My poetry website, Comprepoetica, is in the list at the head of my column because I was going to get into a millenniatical spiel about all that's happened this century and all that will be happening next century which I expected to deposit me into some Serious Reminiscing about things like my SMR column, which first appeared in June 1993 and, with this, has now reappeared 36 times, and started to appear early this year at Comprepoetica, too. I was a little leery of rereading them, as I had to, to get the website editing right, but after I did, I felt okay about them. Enough to say more about them in my next installment of this series of columns.

Because I thought I ought to list some magazine above, too, and had a bunch mine editor, LF, had sent me lying around, Chiron Review made this column--even though it's not at all out of the experioddica universe.
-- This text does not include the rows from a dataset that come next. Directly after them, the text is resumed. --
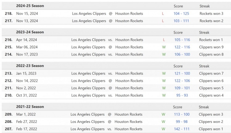 至此,快船遭遇了對陣火箭的三連敗。而在此之前,他們對火箭曾豪取9連勝。
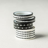 To finish off the background I have added a few strips of washi tape and some Tranquil Tide "ribbon" made with the Decorative Ribbon Border punch. The silver metallic thread is secured to the back of the typewriter using glue dots. I added a few more glue dots to secure the whole piece to the front of the card making it sit proud of the card, without using the height of dimensionals.
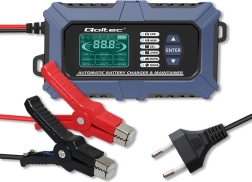 Le chargeur intelligent QOLTEC pour batteries 12 V offre un contrôle microprocesseur, 6 modes de fonctionnement et une fonction de réparation (Repair) pour régénérer les batteries affaiblies. Grâce à son grand écran LCD, vous surveillez facilement la tension, le courant et le mode sélectionné. Le chargeur convient aux AGM, GEL et LiFePO4, sait tester la batterie (tension, CCA, état) et dispose de protections complètes contre l’inversion de polarité, les surtensions, la surchauffe et les courts-circuits.
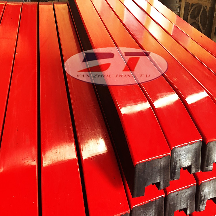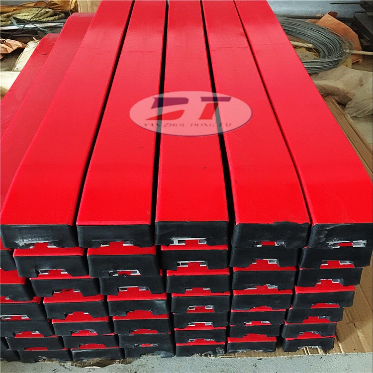 緩沖條耐磨層采用UHMW高分子聚乙烯板材,分子含量高,高于500萬分子量,自潤滑性能好,摩擦系數(shù)小,磨損率低一般不大于0.3,耐磨性能好,使用壽命長,對于特殊復(fù)雜工況,也可以提供920萬超高分子聚乙烯板材的緩沖條,磨損率不大于0.1,更加耐磨。緩沖條的橡膠層,天然橡膠含量高,彈性好,非常柔韌,吸收沖擊能力強,自我清潔功能強。緩沖條采用熱硫化工藝,在高溫高壓狀態(tài)下使高彈性橡膠與高分子聚乙烯板材高強度粘接,牢固可靠,永不分離。
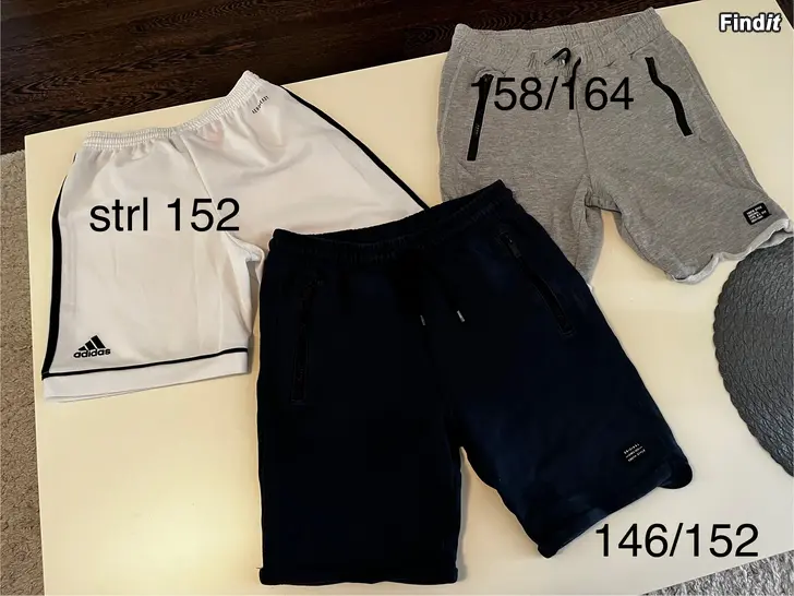 Shortspaket. KappAhl mörkblå med dragkedja vid fickorna/KappAhl grå med dragkedjor/ vita Adidas shorts / strl 152-164
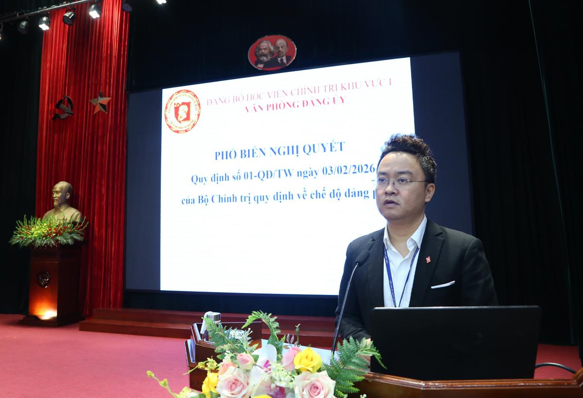 Theo chương trình Hội nghị, PGS,TS Nguyễn Vĩnh Thanh, Bí thư Đảng ủy, Giám đốc Học viện đã phổ biến Kế hoạch số 129-KH/HVCTQG của Giám đốc Học viện Chính trị quốc gia Hồ Chí Minh về triển khai một số nhiệm vụ trọng tâm năm 2026, trong đó xác định rõ các nhiệm vụ cụ thể đối với Học viện Chính trị khu vực I. Cũng tại Hội nghị, Đồng chí Bí thư Đảng ủy, Giám đốc Học viện đã phổ biến, quán triệt Nghị quyết tháng 2 năm 2026 và giao ban đối thoại với viên chức, người lao động nhằm kịp thời nắm bắt tình hình, tháo gỡ khó khăn và định hướng triển khai nhiệm vụ trong thời gian tới.
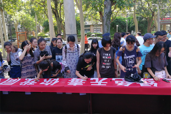 巡讲活动结束后,与会人员在“健康人生、绿色无毒、你我同行”的条幅上签下自己的名字,表达拒绝毒品的决心。
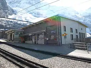 Eigergletscher is a railway station in the municipality of Lauterbrunnen in the canton of Bern. The station is served by trains of the Jungfrau railway, which run to the Jungfraujoch from Kleine Scheidegg, where they connect with services from Interlaken, Lauterbrunnen, Wengen and Grindelwald via the Bernese Oberland railway and the Wengernalp railway.[1][2][3]
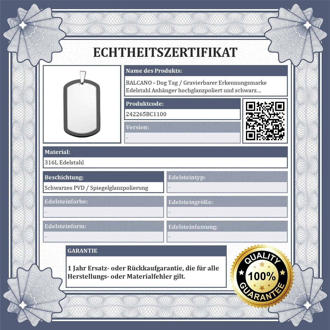 BALCANO - Dog Tag / Gravierbarer Erkennungsmarke Edelstahl Anhänger hochglanzpoliert und schwarz PVD beschichtet

It's half contra-genteel, half mainstream poetry and prose--Marge Piercy, for instance, and an essay on Sharon Olds by Ron McFarland, some neo-Bukowski (very funny) lineated prose by Joan Jobe Smith about Bukowski, and several short reviews of books and magazines, including a good-heartedly supportive one of Lee Thorn's Fuck, which is out of the experioddica universe--at least to the degree of having poems in it by John M. Bennett. For that alone Chiron Review deserves this mention.